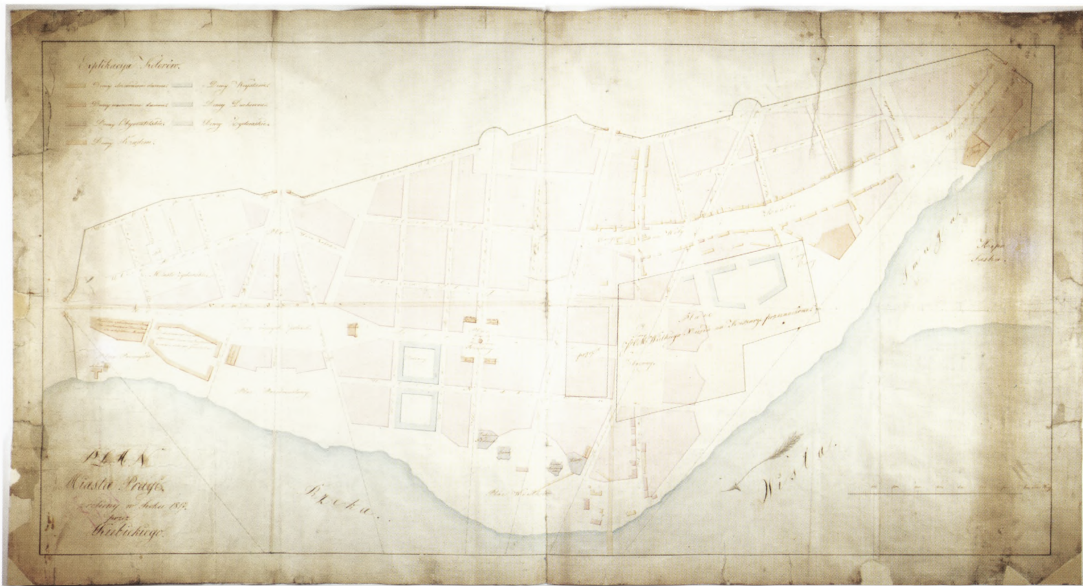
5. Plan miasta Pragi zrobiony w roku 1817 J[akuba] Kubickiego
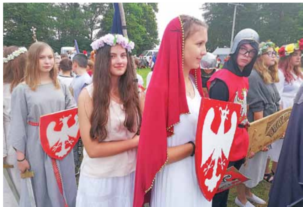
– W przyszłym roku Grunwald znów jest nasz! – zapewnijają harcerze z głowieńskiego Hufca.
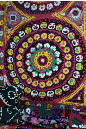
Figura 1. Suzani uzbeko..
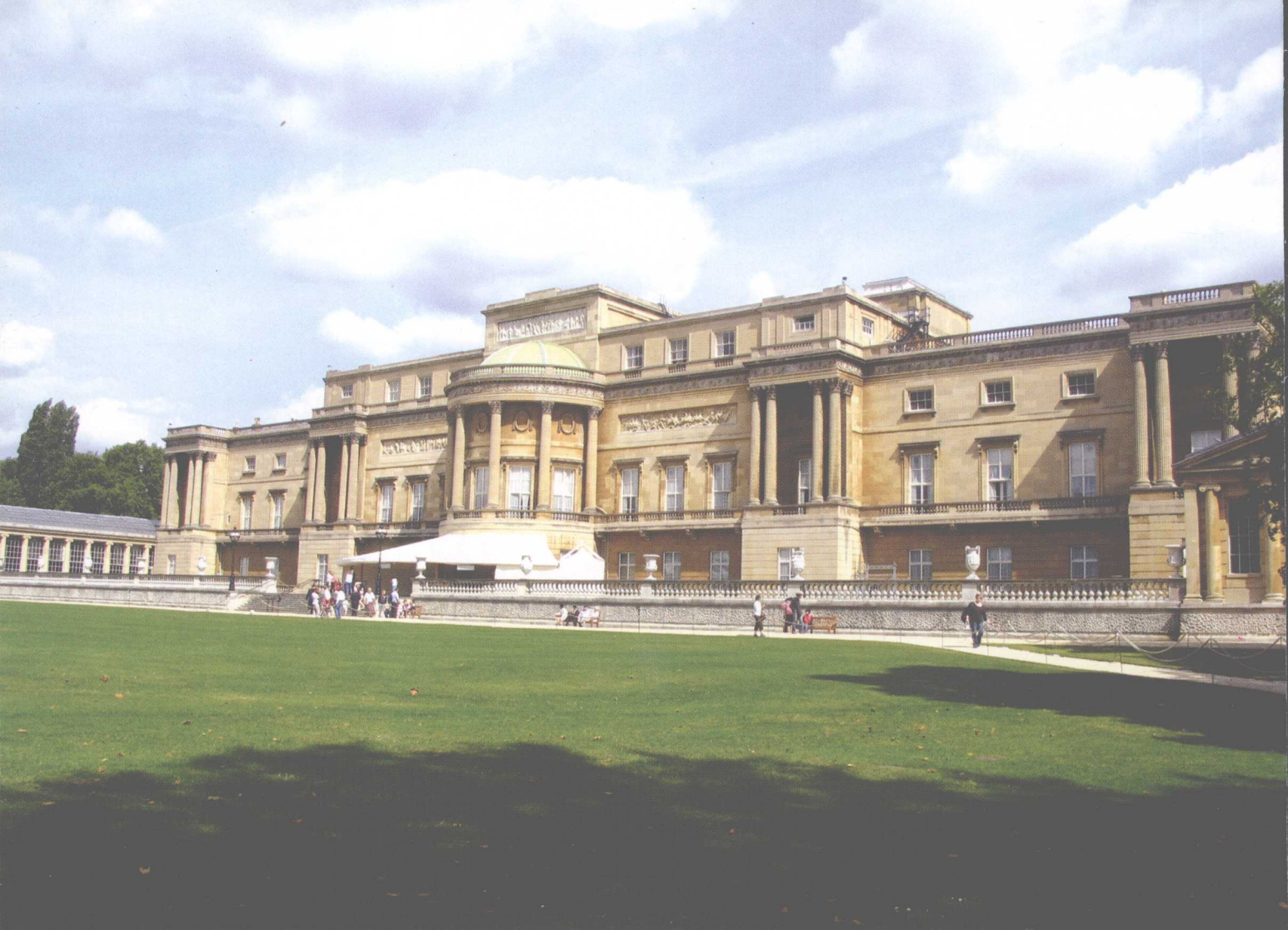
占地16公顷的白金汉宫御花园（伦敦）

-.-.-

- **Task description**
Repeat nothing but the lines from the one containing "z głowieńskiego Hufca." through the last line of the listing, both included, exactly as written, and omit any picture.

- **Solution below**
– W przyszłym roku Grunwald znów jest nasz! – zapewnijają harcerze z głowieńskiego Hufca.
Figura 1. Suzani uzbeko..
占地16公顷的白金汉宫御花园（伦敦）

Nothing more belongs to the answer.